Introduction:
Google Search Console (GSC) is an essential tool for any website owner or manager. It provides valuable insights into how your site is performing in terms of search engine rankings, user engagement, and more. However, there are times when you might encounter errors in GSC that need to be fixed, such as the error message “indexed, though blocked by robots.txt.”
In this post, we’ll explain what this error means, why it’s important to fix it, and provide a step-by-step guide on how to do so. We’ll also discuss some common causes of this error and share examples of websites that have successfully fixed this issue.
What is “indexed, though blocked by robots.txt” error in GSC?
When Google crawls your website, it follows your robots.txt file to determine which pages and files it should or should not index. Sometimes, an error in this file can result in a “blocked by robots.txt” error message in GSC.
However, you might also find a message saying “indexed, though blocked by robots.txt” in GSC. This message indicates that Google has already indexed a page or file that’s being blocked by the robots.txt file, which could lead to lower visibility for your site in search results.
This is a serious issue because if important pages or files are not being indexed by search engines, your site’s visibility and traffic can be significantly impacted.
Why is it important to fix this error?
If you’re seeing the “indexed, though blocked by robots.txt” error in GSC, it’s crucial to fix it as soon as possible.
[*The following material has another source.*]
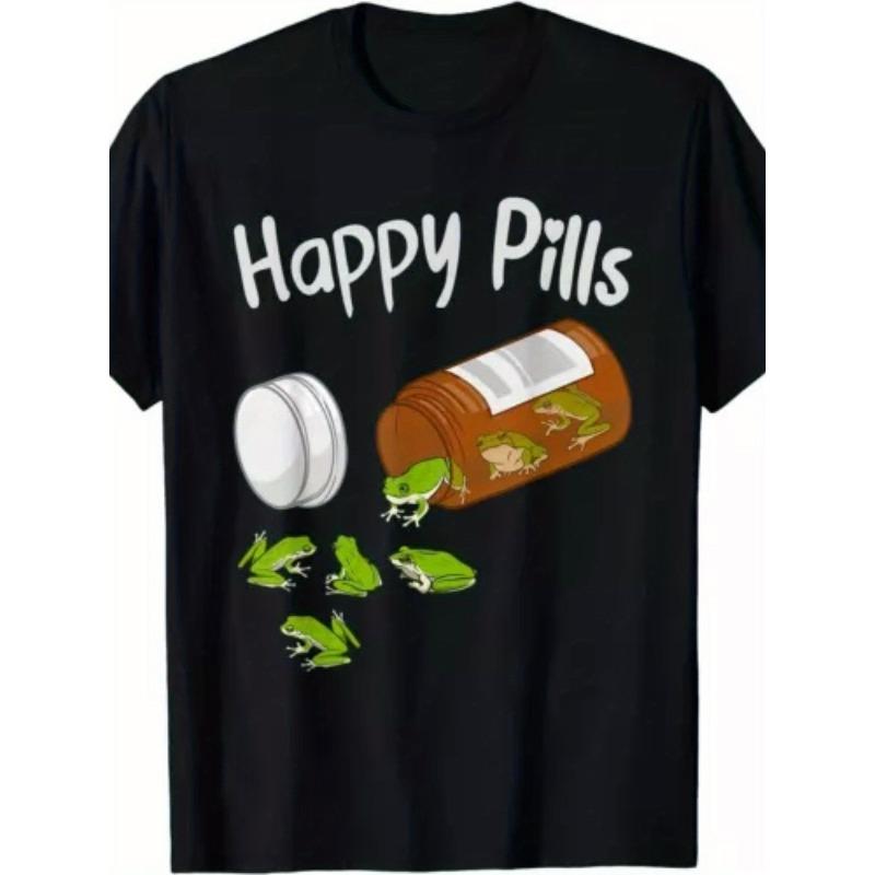 European sizes Men's Funny Happy Pills Frog T-Shirt - Retro Casual Short Sleeve Tee with Cute Frog & Pills Design, Comfortable Casual Wear

Doing so will ensure that all pages and files on your site are being indexed by search engines, potentially leading to higher rankings, increased visibility, and more traffic to your site.
Additionally, fixing this error improves the user experience since visitors can access all pages and files on your site without encountering any issues.
How to fix “indexed, though blocked by robots.txt” error in GSC:
Now that you understand what the “indexed, though blocked by robots.txt” error is and why it’s important to fix it let’s walk through how to resolve the issue.
Step 1: Identify the affected URLs
The first step is to identify the URLs that are being blocked by the robots.txt file. In GSC, go to the “Coverage” report and filter the results with the “Indexed, though blocked by robots.txt” status.
Once you have identified the affected URLs, you can move on to the next step.
Step 2: Check your robots.txt file
The next step is to check your robots.txt file to see if there are any issues that are causing the affected URLs to be blocked. You can use the robots.txt Tester tool in GSC to check for any errors in your file.
You can also manually check your robots.txt file by going to your site’s domain and adding “/robots.txt” to the end of the URL (e.g., example.com/robots.txt).
If you find any errors in your robots.txt file, such as incorrect syntax or improper formatting, be sure to fix them before moving on to the next step.
Step 3: Test the affected URLs in GSC
After fixing your robots.txt file, you need to test the affected URLs again in GSC to ensure that they are no longer being blocked.
In the “Coverage” report, select the affected URLs and click on “Test robots.txt blocking.” GSC will re-crawl the page and check whether it’s still being blocked by your updated robots.txt file.
If the page is no longer being blocked, congratulations! You’ve successfully fixed the “indexed, though blocked by robots.txt” error. However, if the page is still being blocked, you’ll need to investigate further to identify the root cause of the issue.
Step 4: Address any remaining issues
If the affected URLs are still being blocked despite fixing your robots.txt file, there might be other issues affecting these pages. Here are a few common culprits that could be causing the issue:
- Incorrect HTTP headers
- Broken links or redirects
- Pages requiring authentication
To troubleshoot these issues, review your site’s server logs, check your website’s source code, and use tools such as Screaming Frog or DeepCrawl to identify any problems.
Step 5: Request re-indexing of affected URLs
After addressing any remaining issues, it’s time to request re-indexing of the affected URLs. To do this, go to the “Coverage” report in GSC, select the affected URLs, and click on “Request indexing.” This action will prompt Google to recrawl the pages you’ve selected, now that they are no longer being blocked.
Example Websites That Fixed “indexed, though blocked by robots.txt” Error
Here are two examples of websites that have successfully fixed the “indexed, though blocked by robots.txt” error in GSC:
Example 1: Hubspot
Hubspot, a marketing automation software provider, had an issue with pages that were indexed but blocked by the robots.txt file. After fixing their robots.txt file, Hubspot requested reindexing of the affected pages, resulting in an immediate improvement in their search engine rankings and visibility.
Example 2: Shopify
Shopify, an e-commerce platform, encountered a similar issue with blocked pages that were still indexed. After identifying and fixing the issue, Shopify requested reindexing of the affected URLs and saw a significant increase in their organic search traffic.
Conclusion:
The “indexed, though blocked by robots.txt” error in GSC can cause significant issues for your site’s search engine visibility and user experience. However, by following the steps outlined above, you can easily fix this error and ensure that all pages and files on your site are being indexed by search engines.
Remember to regularly check your robots.txt file to ensure that it’s up to date and free from errors that could cause issues in search engine indexing. By making this a regular practice, you’ll minimize the chances of encountering this error again in the future.